Mon Dec 6, 5:01 PM ET

By Steven Reinberg

HealthDay Reporter

MONDAY, Dec. 6 (HealthDayNews) -- Experiments with the brain cells of rats show that contact with an ingredient found in shampoos, hand lotions and paint causes neurons to die.

The chemical, methylisothiazolinone (MIT), belongs to a class of compounds called biocides. These are used in the manufacture of many common household products and industrial water cooling systems to prevent bacteria from developing.

According to the National Institutes of Health (news - web sites), brands containing MIT include the shampoos Head and Shoulders, Suave, and Clairol, as well as Pantene hair conditioner and Revlon hair color.

"As far as I can tell, no neurodevelopmental testing has been done on MIT," said lead researcher Elias Aizenman, a professor of neurobiology at the University of Pittsburgh School of Medicine.

Aizenman said he is concerned that without such testing it is not known if, for example, a pregnant woman who is exposed to MIT could put her fetus at risk for abnormal brain development. People working directly with MIT are those most at risk, he said.

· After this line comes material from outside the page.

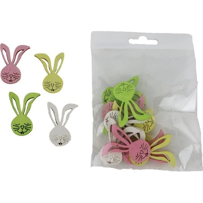 Sada dekoračních zajíčků. Sada obsahuje 12 přízdob. Rozměry: 3 x 0,2 x 4 cm. Materiál: dřevo. Barva: bílá, zelená, žlutá, růžová. Není hračka. Plastový obal odstraňte z...

In earlier experiments with rat brain cells, Aizenman's team found that direct exposure to MIT in concentrations like those found in hand cream was enough to kill neurons. In the current series of experiments, also with rat cells, the researchers found that a long exposure to low concentrations of MIT caused a malfunction in the ways neurons communicate with each other.

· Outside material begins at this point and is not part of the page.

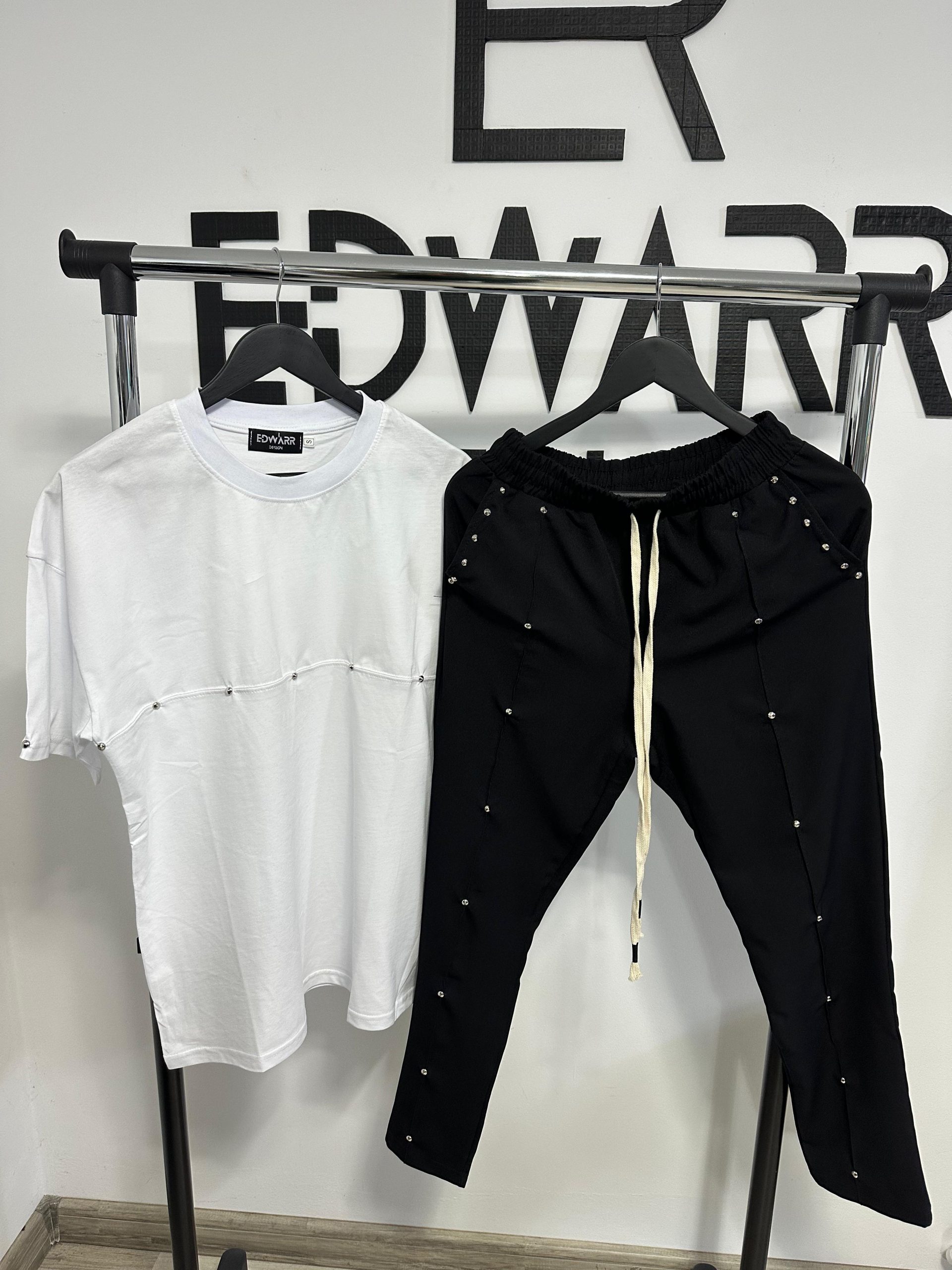 Un compleu fresh și confortabil – pantaloni lejeri dar bine structurați, combinați cu un tricou din bumbac subțire și ușor. Țintele aplicate adaugă un detaliu cool, fără să încarce. Perfect pentru zilele călduroase când vrei să arăți bine, dar să te simți și liber.

"One of the things that this compound was very good at was preventing neurons from communicating with other neurons," he said.

Aizenman presented his findings Dec. 5 at the American Society for Cell Biology annual meeting in Washington, D.C.

Whether long-term exposure to products containing MIT is dangerous is not known, Aizenman said. "Can I say that these products are safe to use? No," he said. "Can I say that these products are unsafe to use? No."

Aizenman believes that testing needs to be done to determine if MIT is harmful to humans in the concentrations found in household products.

"It appears that the Environmental Protection Agency (news - web sites) [EPA] does not require neurodevelopmental testing," Aizenman said. "That is bothersome. Maybe there are substances that have made it into general use that could be damaging to the nervous system. Regulators need to take a hard look this and require more tests."

The work that Aizenman has been doing "is important in understanding the things that people are exposed to on a chronic, daily basis," said Beth Ann McLaughlin, an assistant professor of pharmacology at Vanderbilt University.

McLaughlin added that people using products containing MIT should be skeptical. "There is a healthy dose of skepticism that needs to come when using any products or being intensely exposed to any compound," she said.

"These findings are expected," said Gerald McEwen, vice president for science at the Cosmetic, Toiletry and Fragrance Association. "MIT is a biocide. The purpose of it is to kill bacteria. You would expect it to be detrimental to any type of cells."

McEwen said that direct exposure to high concentrations of MIT will be irritating to the skin, because it can damage skin cells. However, he doesn't believe that MIT poses any dangers to consumers in the low concentrations found in household products.

"The ability of MIT to cause neurotoxicity has been studied," McEwen said. In animals exposed to MIT, there has been no hint of neuro-damage, because MIT affects only the cells it touches and there is no way for it to get into the bloodstream and go to the brain, he said.

"It can't get to your brain cells, period," he emphasized.

MIT has been approved as a biocide by the EPA, which looked at the neurological effects, McEwen added. This information was published by the Cosmetic Ingredient Review, an industry program that reviews the safety of cosmetic ingredients, he explained.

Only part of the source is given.